■ **Task brief**: Omit the images and output every line of the data below exactly.

■ **Collected material**:
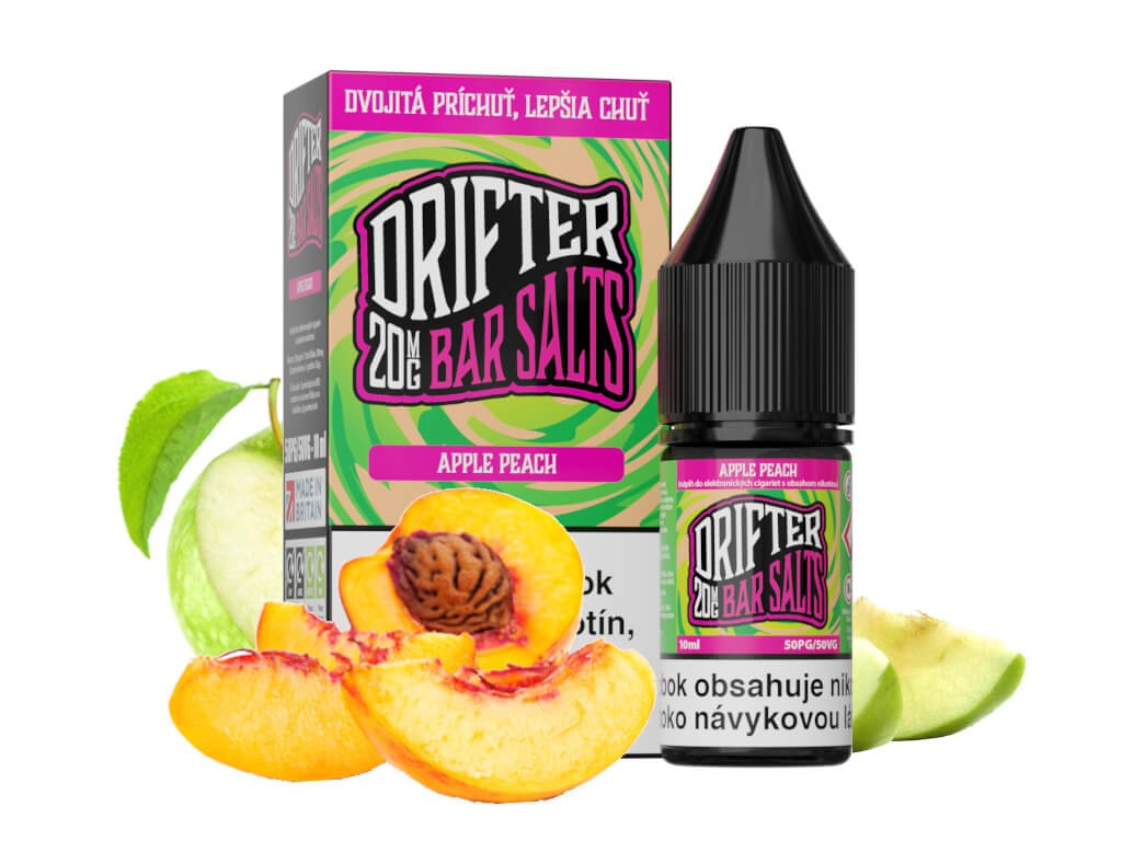 E-liquid Drifter Bar Salt Apple Peach od Juice Sauz sa môže pochváliť živou jablkovou príchuťou so silnou broskyňovou dochuťou.
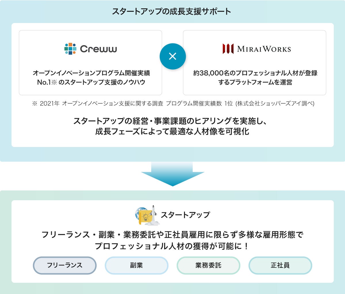 創業期のスタートアップにとって、限られた人材で急成長を目指すために人的資本は限られています。Crewwのスタートアップ支援のノウハウ・知見と、みらいワークスのプロフェッショナル人材ネットワークを連携することで、人材紹介だけに留まらずスタートアップの経営・事業課題のヒアリングを実施し、最適な人材像の可視化を実施することでスタートアップのフェーズによって必要な人材を、フリーランス・副業等の業務委託や正社員といった多様な雇用形態で支援する仕組みを作ることにより、成長支援に取り組んでまいります。本事業は、2022年6月を目処に提供開始を予定しております。
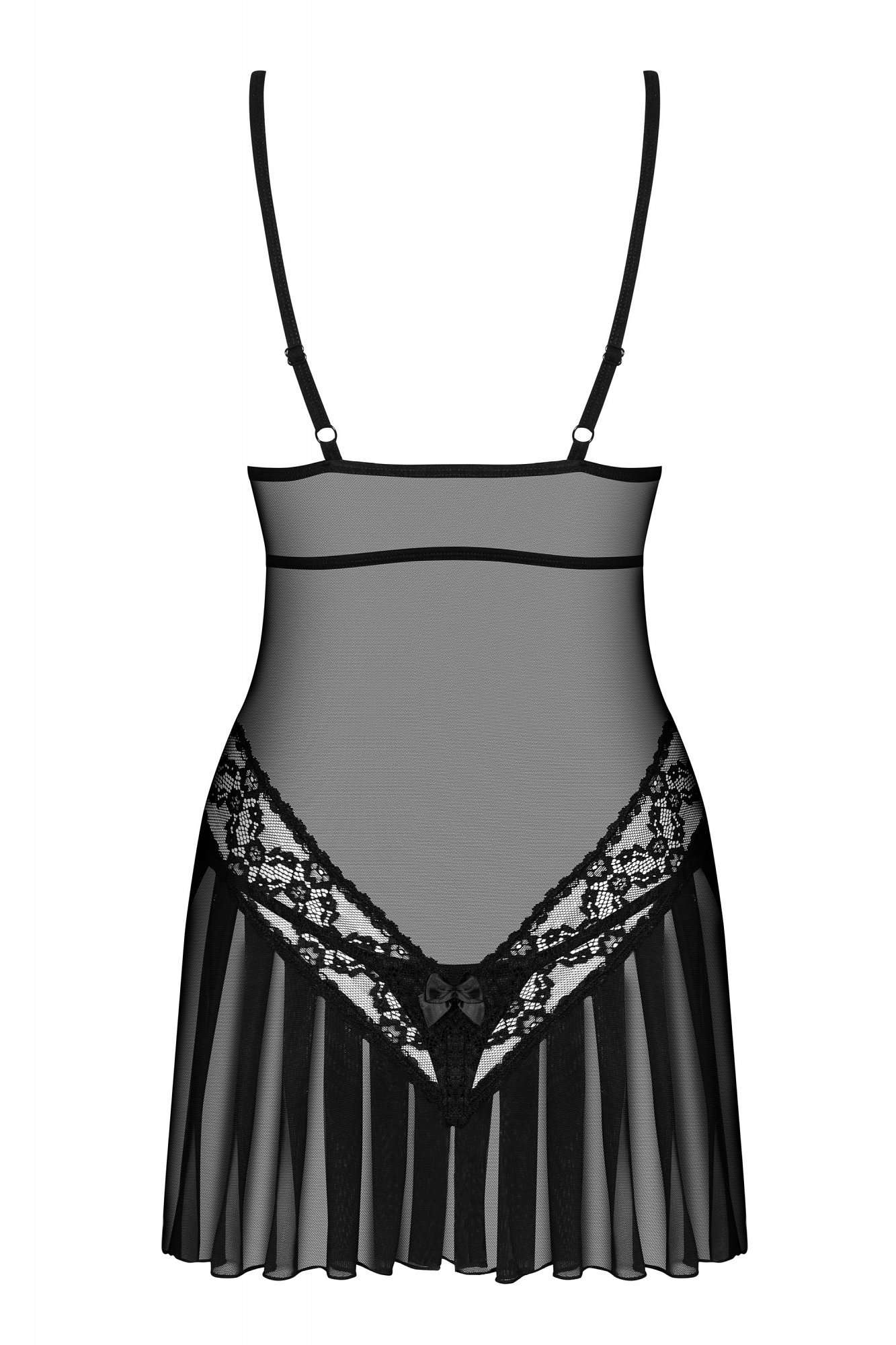 Сорочка выполнена из мягкой прозрачной ткани и украшена кружевом. Кружевные чашки мягкие, без косточек, сверху украшены рюшами. Бретели регулируются по длине - идеальная подгонка под себя. Очаровательная спинка сорочки - кокетливые складки на ягодицах. В комплекте миниатюрные стринги с хлопковой ластовицей. Цвет: черный. Размер: S/M.

■ **Answer section**:
 E-liquid Drifter Bar Salt Apple Peach od Juice Sauz sa môže pochváliť živou jablkovou príchuťou so silnou broskyňovou dochuťou.
 創業期のスタートアップにとって、限られた人材で急成長を目指すために人的資本は限られています。Crewwのスタートアップ支援のノウハウ・知見と、みらいワークスのプロフェッショナル人材ネットワークを連携することで、人材紹介だけに留まらずスタートアップの経営・事業課題のヒアリングを実施し、最適な人材像の可視化を実施することでスタートアップのフェーズによって必要な人材を、フリーランス・副業等の業務委託や正社員といった多様な雇用形態で支援する仕組みを作ることにより、成長支援に取り組んでまいります。本事業は、2022年6月を目処に提供開始を予定しております。
 Сорочка выполнена из мягкой прозрачной ткани и украшена кружевом. Кружевные чашки мягкие, без косточек, сверху украшены рюшами. Бретели регулируются по длине - идеальная подгонка под себя. Очаровательная спинка сорочки - кокетливые складки на ягодицах. В комплекте миниатюрные стринги с хлопковой ластовицей. Цвет: черный. Размер: S/M.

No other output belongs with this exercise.